> SUPPLIED INFORMATION
========

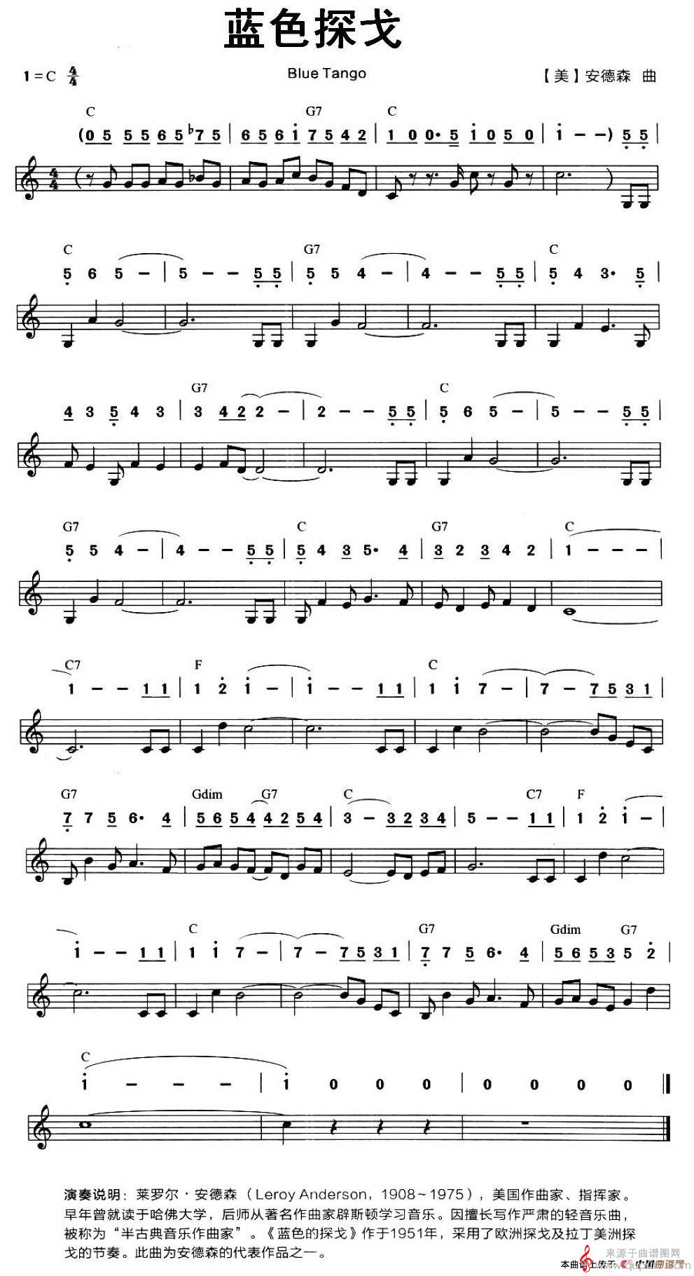 曲谱图网为您提供蓝色探戈(口琴吉他四重奏线简谱混排版)找谱子,就上曲谱图网。
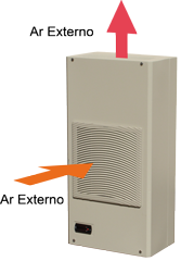 ♦ Defletor na saída de ar frio otimiza o fluxo de ar no interior do painel elétrico, aumentando a eficiência na troca de calor.
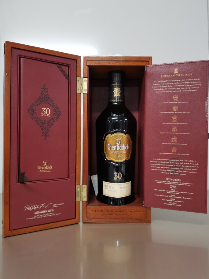 Glenfiddich 30 years old single malt scotch whisky (wooden case)
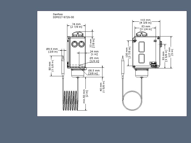 017-618066 Danfoss: Temperature range [°C]: 25 - 90, Reset function: Auto, Contact function: SPDT gold, Sensor type: Remote bulb, Capillary tube length [mm]: 5000, Enclosure rating IP: IP66

========

> WORK ORDER
Leaving out the images, repeat the listing above exactly.

> THE ANSWER
 曲谱图网为您提供蓝色探戈(口琴吉他四重奏线简谱混排版)找谱子,就上曲谱图网。
 ♦ Defletor na saída de ar frio otimiza o fluxo de ar no interior do painel elétrico, aumentando a eficiência na troca de calor.
 Glenfiddich 30 years old single malt scotch whisky (wooden case)
 017-618066 Danfoss: Temperature range [°C]: 25 - 90, Reset function: Auto, Contact function: SPDT gold, Sensor type: Remote bulb, Capillary tube length [mm]: 5000, Enclosure rating IP: IP66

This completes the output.